Problem to solve:
From the entries below, reproduce exactly the lines from the one with "Universitatea Sorbona Paris" through the one with "Фонд № 6146", both included, without images.

*** Source data ***

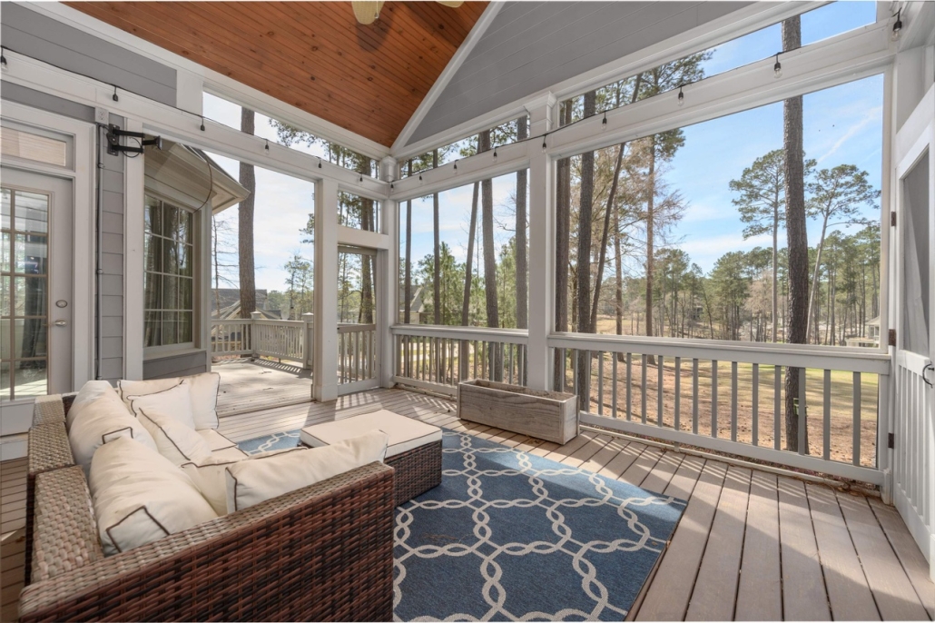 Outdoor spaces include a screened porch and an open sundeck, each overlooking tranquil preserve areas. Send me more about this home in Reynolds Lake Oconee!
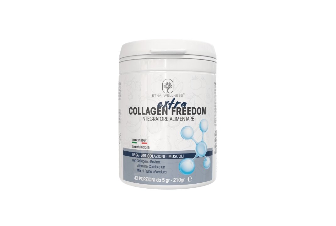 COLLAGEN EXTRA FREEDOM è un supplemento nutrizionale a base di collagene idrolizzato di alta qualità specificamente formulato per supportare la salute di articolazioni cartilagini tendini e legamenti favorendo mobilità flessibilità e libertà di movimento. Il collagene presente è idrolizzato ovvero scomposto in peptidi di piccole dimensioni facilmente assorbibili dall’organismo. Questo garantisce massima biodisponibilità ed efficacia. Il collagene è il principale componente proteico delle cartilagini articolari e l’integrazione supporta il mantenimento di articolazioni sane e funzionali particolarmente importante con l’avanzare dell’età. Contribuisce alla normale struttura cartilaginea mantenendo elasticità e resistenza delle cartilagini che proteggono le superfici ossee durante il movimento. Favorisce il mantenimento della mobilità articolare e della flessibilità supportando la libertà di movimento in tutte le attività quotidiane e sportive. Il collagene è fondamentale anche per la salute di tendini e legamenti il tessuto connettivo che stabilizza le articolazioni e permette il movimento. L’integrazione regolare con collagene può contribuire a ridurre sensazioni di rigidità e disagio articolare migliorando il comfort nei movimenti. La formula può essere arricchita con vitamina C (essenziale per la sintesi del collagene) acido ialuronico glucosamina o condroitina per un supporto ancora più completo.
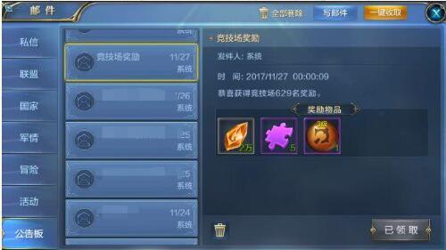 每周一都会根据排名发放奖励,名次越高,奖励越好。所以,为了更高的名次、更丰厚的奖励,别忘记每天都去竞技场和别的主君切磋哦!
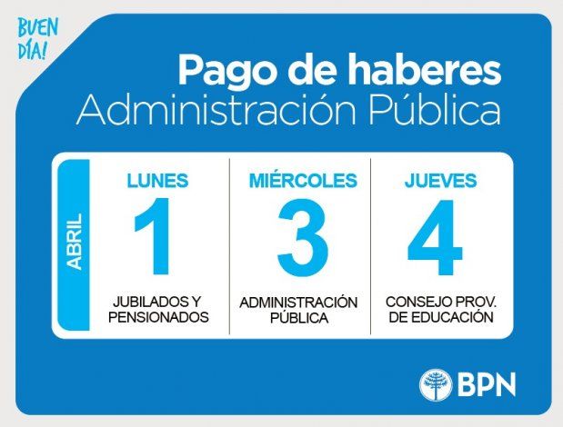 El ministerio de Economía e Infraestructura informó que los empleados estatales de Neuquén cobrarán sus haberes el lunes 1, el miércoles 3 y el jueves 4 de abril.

*** End of Source data ***
*** Source data ***

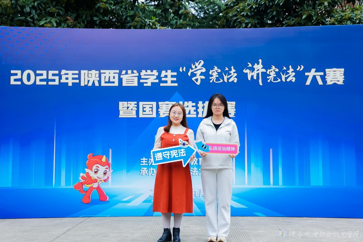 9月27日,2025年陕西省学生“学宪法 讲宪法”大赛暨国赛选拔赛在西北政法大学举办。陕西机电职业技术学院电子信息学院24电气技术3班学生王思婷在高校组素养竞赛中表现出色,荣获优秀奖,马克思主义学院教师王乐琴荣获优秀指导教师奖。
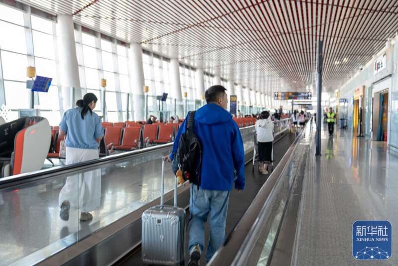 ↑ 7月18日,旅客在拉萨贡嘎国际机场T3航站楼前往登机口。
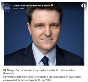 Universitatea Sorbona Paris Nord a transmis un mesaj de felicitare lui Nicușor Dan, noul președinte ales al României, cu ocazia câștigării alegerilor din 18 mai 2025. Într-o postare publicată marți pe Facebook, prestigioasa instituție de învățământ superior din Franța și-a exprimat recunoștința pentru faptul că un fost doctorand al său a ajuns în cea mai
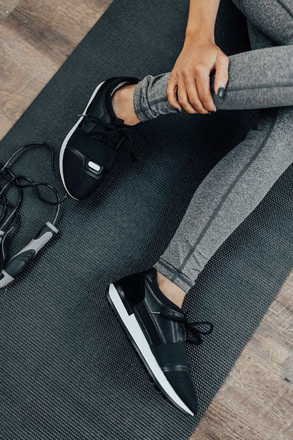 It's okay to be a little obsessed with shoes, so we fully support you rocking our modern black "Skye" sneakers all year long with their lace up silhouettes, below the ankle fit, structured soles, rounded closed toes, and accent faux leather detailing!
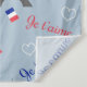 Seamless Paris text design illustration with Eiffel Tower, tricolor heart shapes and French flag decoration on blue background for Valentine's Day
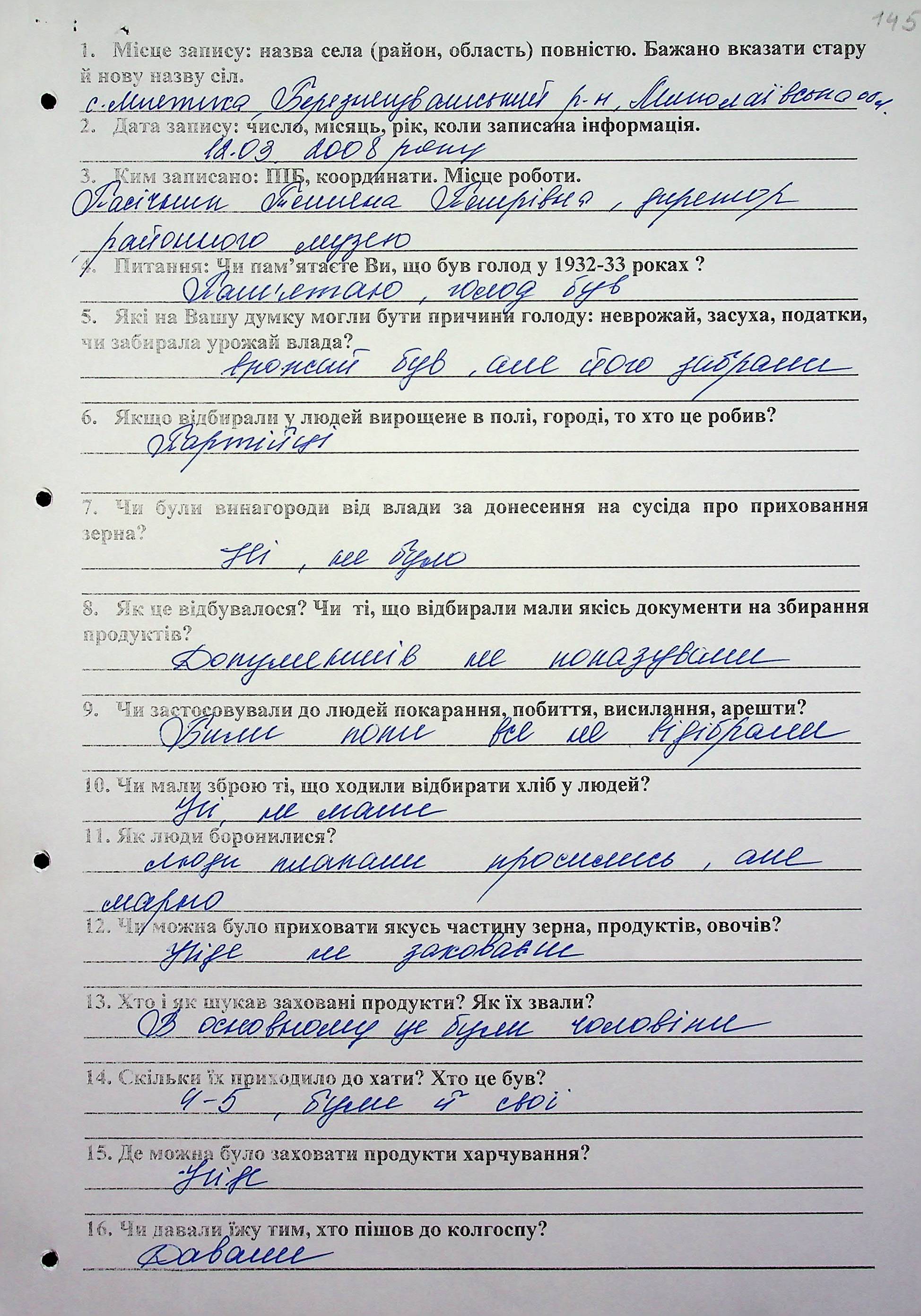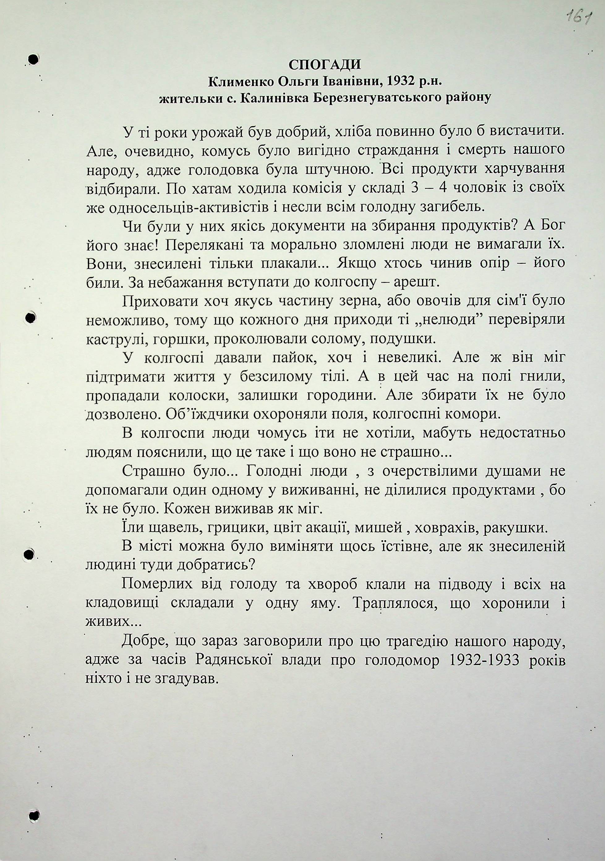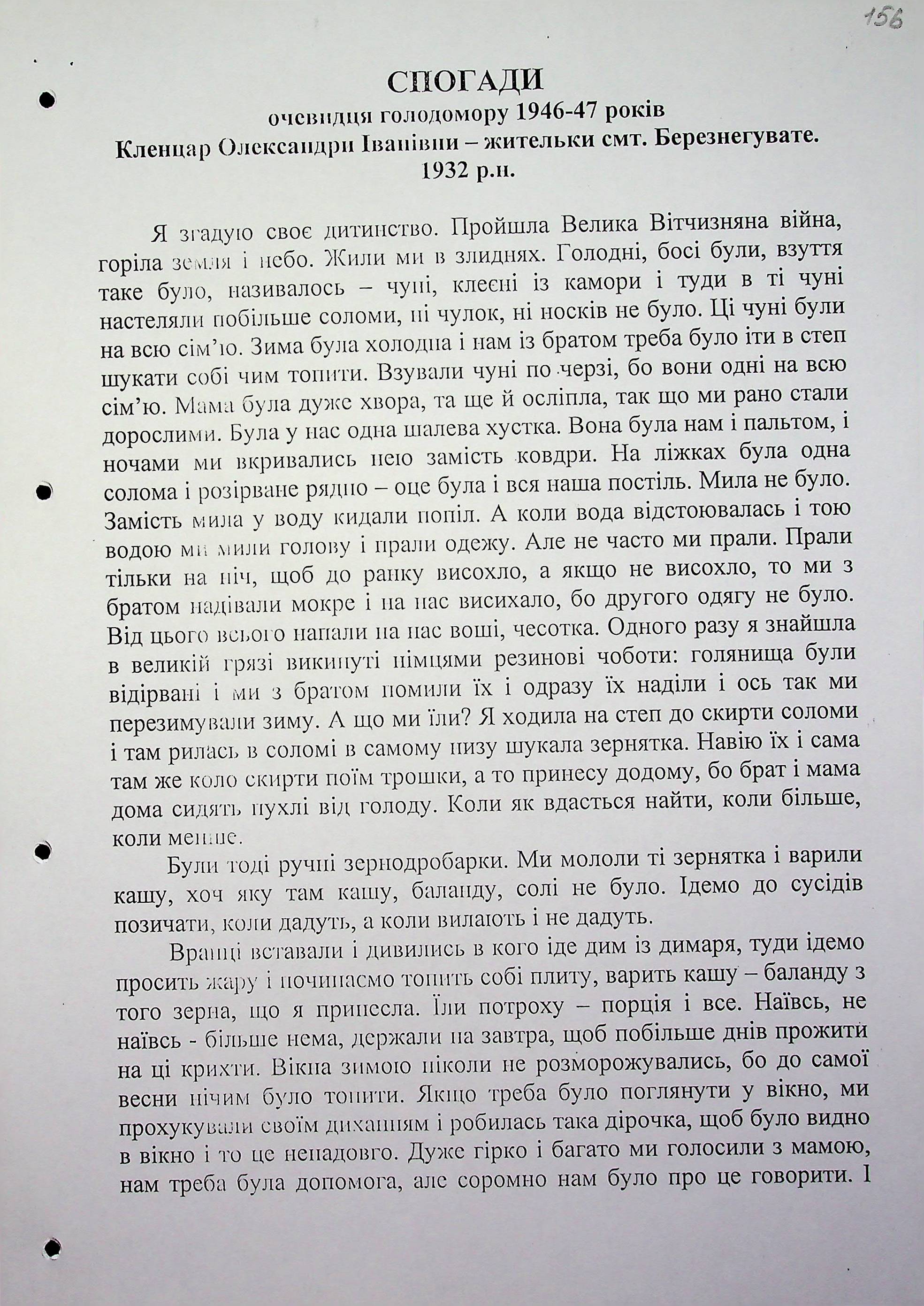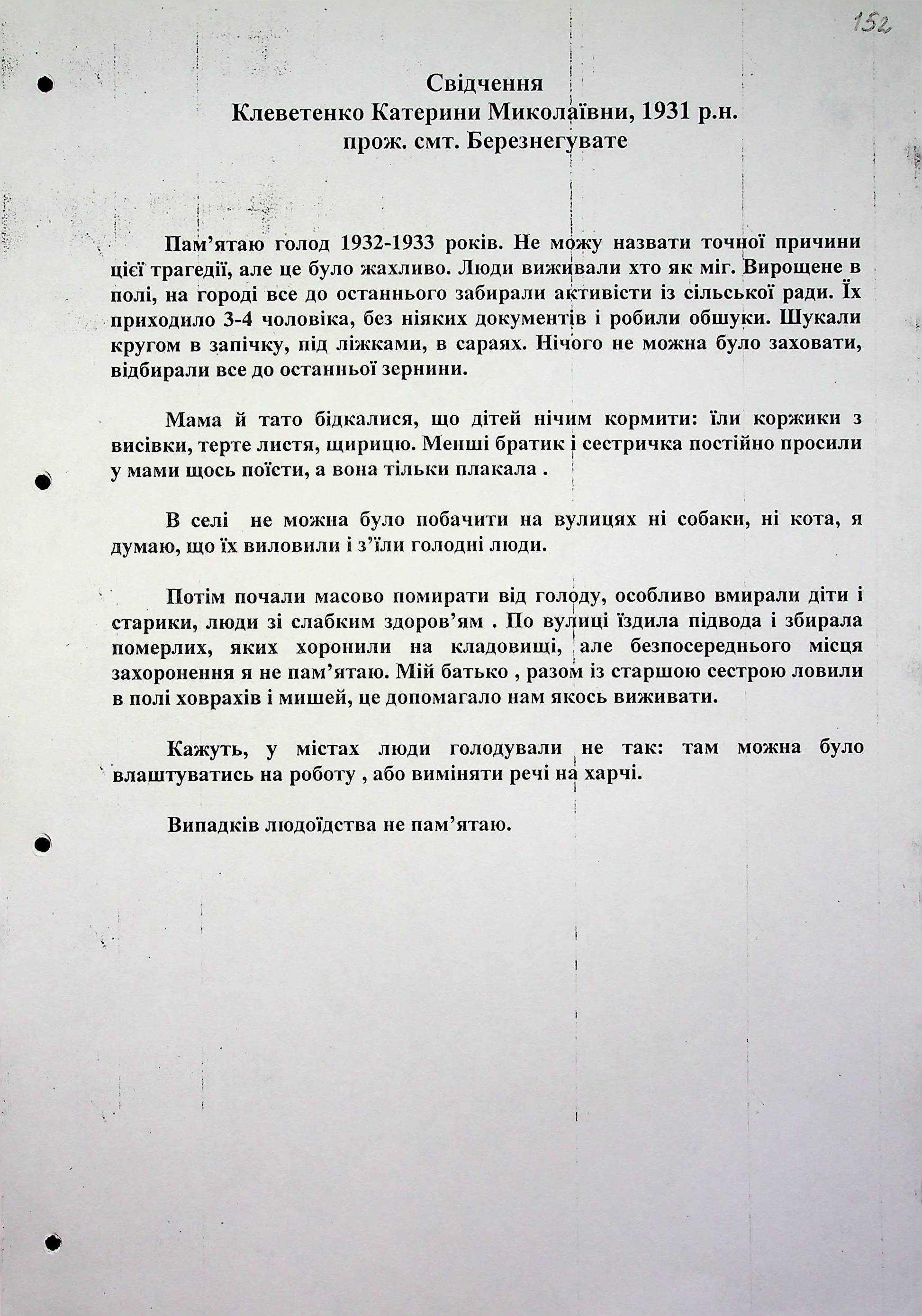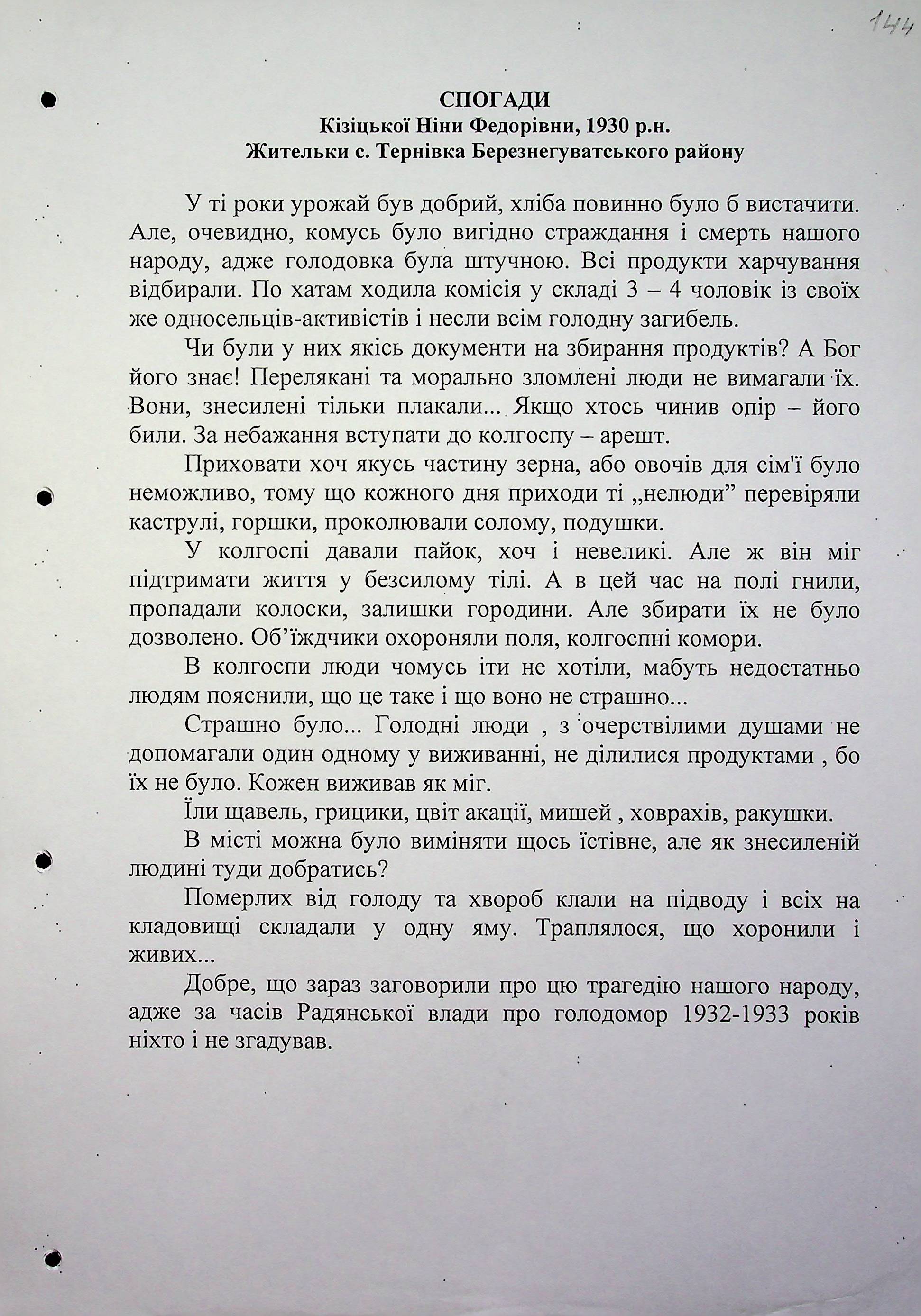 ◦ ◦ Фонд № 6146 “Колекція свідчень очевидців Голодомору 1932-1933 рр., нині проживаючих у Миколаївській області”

*** End of Source data ***
*** Source data ***

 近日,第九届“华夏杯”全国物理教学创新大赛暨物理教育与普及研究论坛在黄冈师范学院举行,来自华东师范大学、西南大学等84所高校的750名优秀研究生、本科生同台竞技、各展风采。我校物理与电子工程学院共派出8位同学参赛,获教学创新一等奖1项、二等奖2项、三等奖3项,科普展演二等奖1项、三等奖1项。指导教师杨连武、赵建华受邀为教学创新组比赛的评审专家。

*** End of Source data ***

Solution to this exercise:
 Universitatea Sorbona Paris Nord a transmis un mesaj de felicitare lui Nicușor Dan, noul președinte ales al României, cu ocazia câștigării alegerilor din 18 mai 2025. Într-o postare publicată marți pe Facebook, prestigioasa instituție de învățământ superior din Franța și-a exprimat recunoștința pentru faptul că un fost doctorand al său a ajuns în cea mai
 It's okay to be a little obsessed with shoes, so we fully support you rocking our modern black "Skye" sneakers all year long with their lace up silhouettes, below the ankle fit, structured soles, rounded closed toes, and accent faux leather detailing!
 Seamless Paris text design illustration with Eiffel Tower, tricolor heart shapes and French flag decoration on blue background for Valentine's Day
 ◦ ◦ Фонд № 6146 “Колекція свідчень очевидців Голодомору 1932-1933 рр., нині проживаючих у Миколаївській області”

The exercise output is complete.